For Augmented Transformer, compared to RetroRanker trained on its own predictions, the improvement is more significant when re-ranking with RetroRanker trained using the R-SMILES predictions. This improvement suggests that RetroRanker trained on R-SMILES could potentially be used as a generic ranking plugin to enhance the performance of other retrosynthesis models. Another scenario of leveraging RetroRanker is that, when developing new retrosynthesis models, RetroRanker on R-SMILES can be considered as a pretrained ranking model. To achieve further improved performance of the newly designed retrosynthesis model, we could generate its predictions on the training data (or a small amount of the training data) to finetune the pretrained ranking model. In this way, we could achieve improved performance more efficiently with the pretrain and finetune paradigm, which has been widely adopted in natural language processing. Please refer to Additional file 1: Section 6 for more results on this.

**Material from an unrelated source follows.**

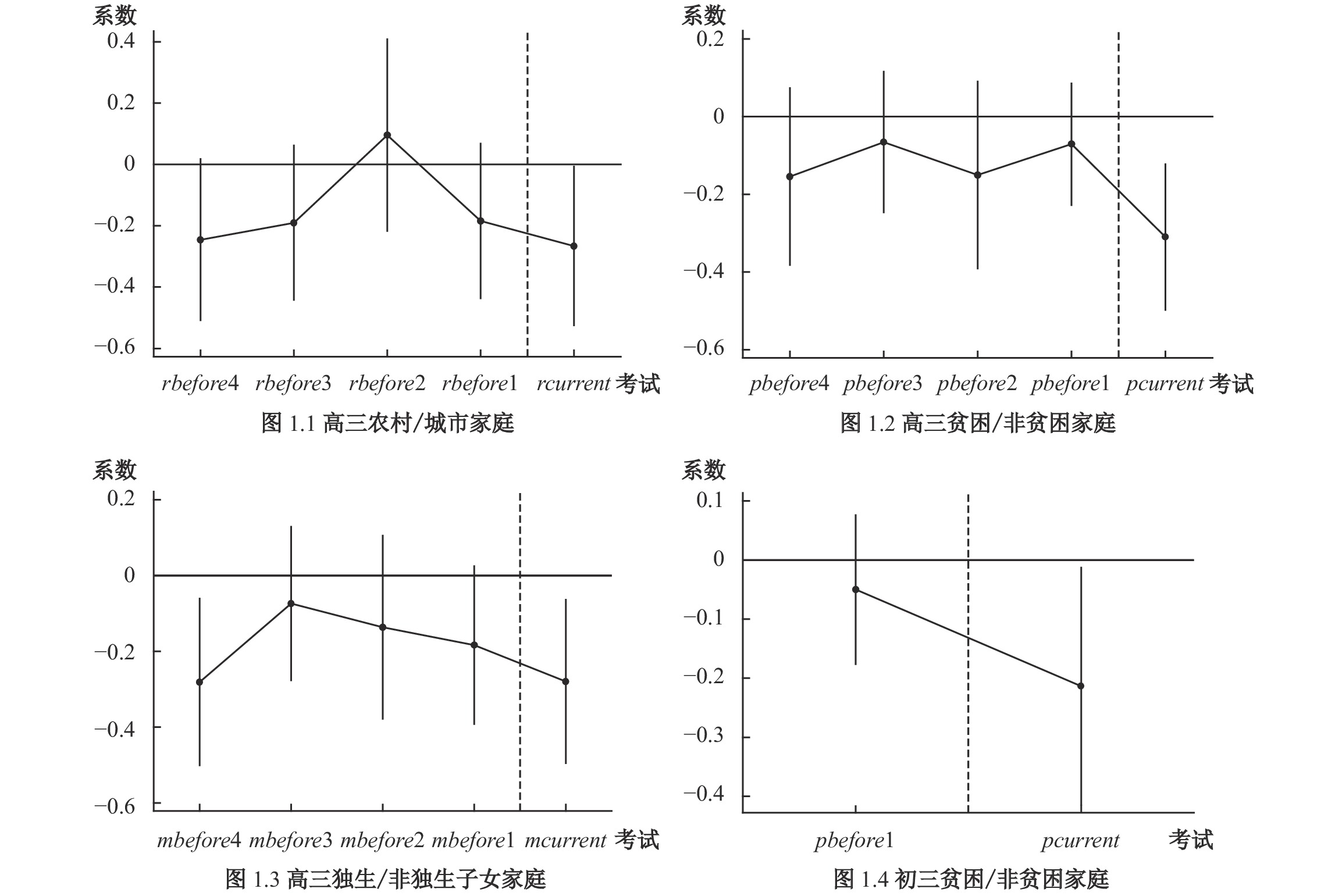 对于高三年级样本,图1的1.1至1.3分别在家庭所在地、贫困与否和独生子女与否三种条件下,报告了不同冲击时点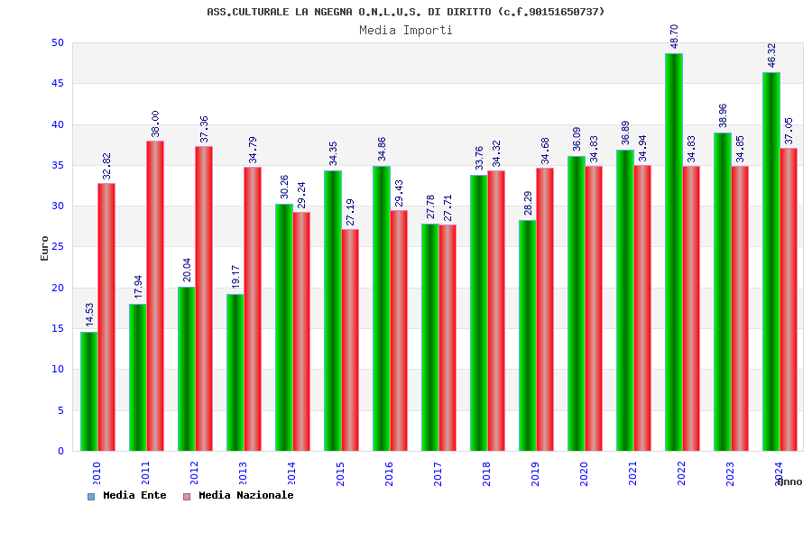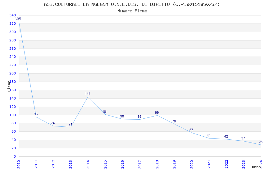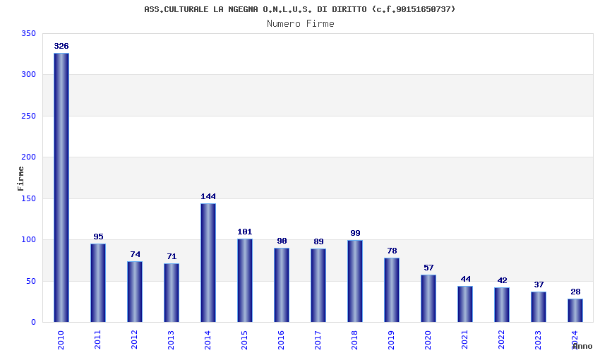 | Anno | Firme | Importi | Media | Naz. | Reg. | Prov. | Comu. |

To understand the improvement of RetroRanker, we perform an analysis on product molecules for which rankings of recorded reactants are changed. For predictions of Augmented Transformer on USPTO-full, after re-ranking with \(S2(100\%, 0)\), the rankings of recorded reactants for 13, 088 product molecules are improved, and more details of changing in rankings can be found in the Additional file 1: Section 7. For the entire USPTO-full dataset, the average number of changed bonds between recorded reactants and the given product is 1.4, while on the improved subset it is 1.7. This is intrinsically related to the frequency bias, because in template-free approaches, a reaction with more changed bonds means a greater degree of change on SMILES strings, and these decoding patterns are less frequent. Thus, the recorded reactants of these reactions become low-ranked predictions. RetroRanker is designed primarily based on chemical features, which can be considered as a complement to translation-based approaches. The results indicate that RetroRanker can improve the retrosynthesis performance on product molecules that are synthesized through less common reactions.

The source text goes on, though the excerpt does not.